_EXERCISE DETAILS:_
When you repeat the listing below, keep every word exactly and leave out each picture.

_DATA:_
------------------------------------------------------------------------

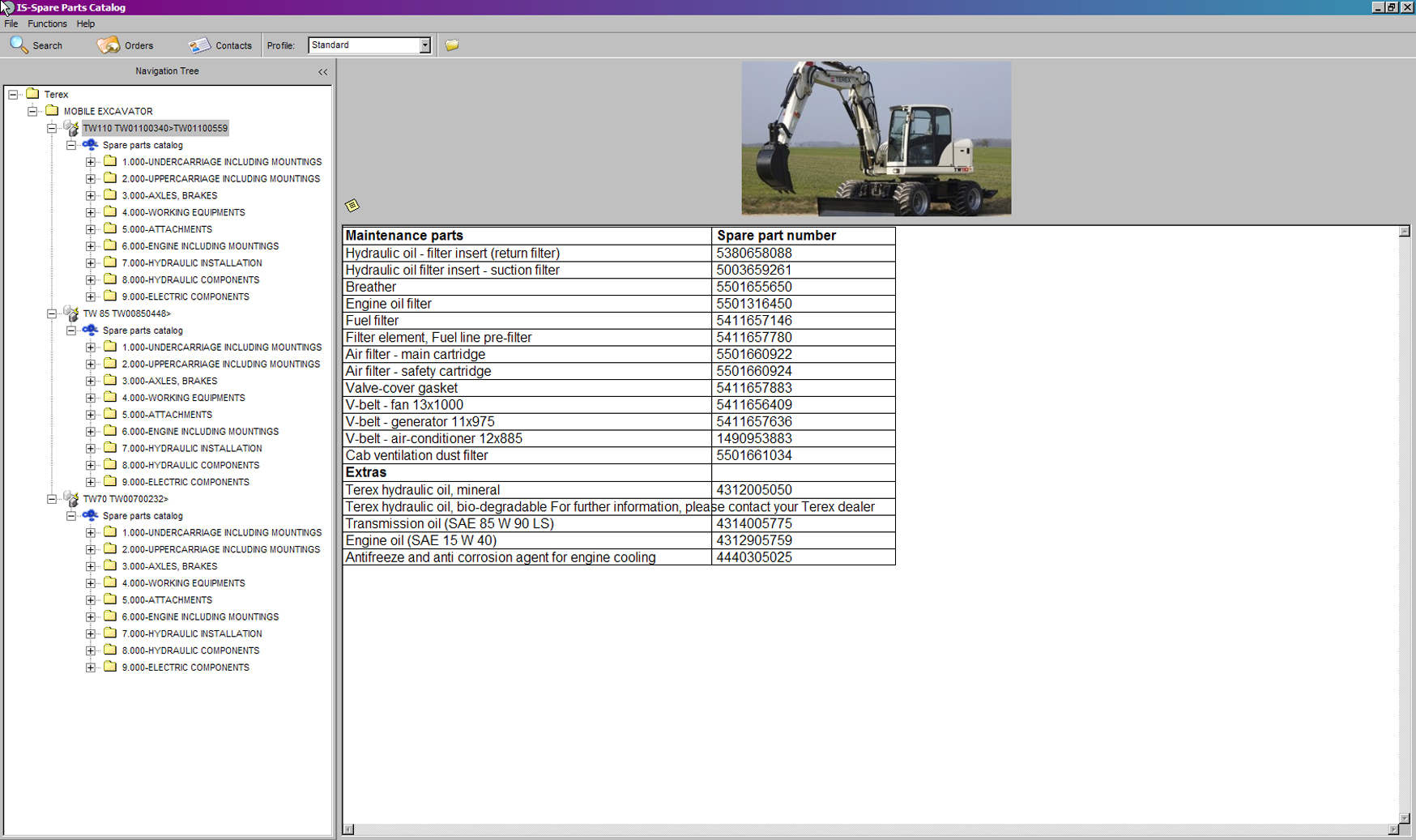 TEREX TW - это каталог запчастей который включает в себя всю необходимую информацию для обслуживания техники TEREX.
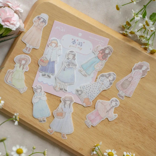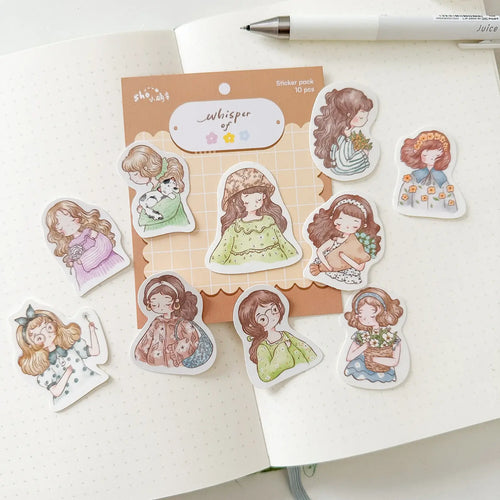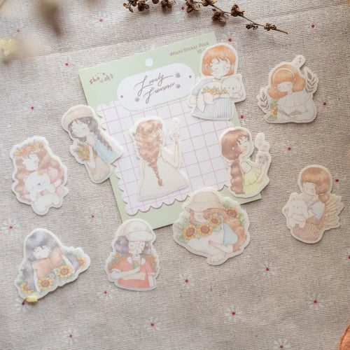 Her signature “shō girls” appear in gentle, storybook-like scenes: sipping coffee, strolling with flowers, reading quietly, or enjoying the company of cozy cats, owls, and woodland friends. Illustrated in delicate watercolour tones, each creation radiates warmth and the quiet sparkle of cherished routines.
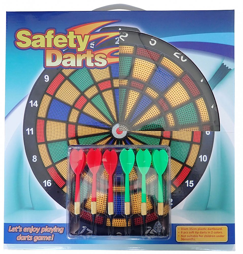 Terč softový - dierkovaný 36 cm, + 6 šípok s plastovými hrotmi. Bezpečný typ terča. Ide o rovnakú konštrukciu ako majú elektronické terče. Balenie softového terča je v potlačenej papierovej krabici.

------------------------------------------------------------------------

_EXPECTED OUTPUT:_
 TEREX TW - это каталог запчастей который включает в себя всю необходимую информацию для обслуживания техники TEREX.
 Her signature “shō girls” appear in gentle, storybook-like scenes: sipping coffee, strolling with flowers, reading quietly, or enjoying the company of cozy cats, owls, and woodland friends. Illustrated in delicate watercolour tones, each creation radiates warmth and the quiet sparkle of cherished routines.
 Terč softový - dierkovaný 36 cm, + 6 šípok s plastovými hrotmi. Bezpečný typ terča. Ide o rovnakú konštrukciu ako majú elektronické terče. Balenie softového terča je v potlačenej papierovej krabici.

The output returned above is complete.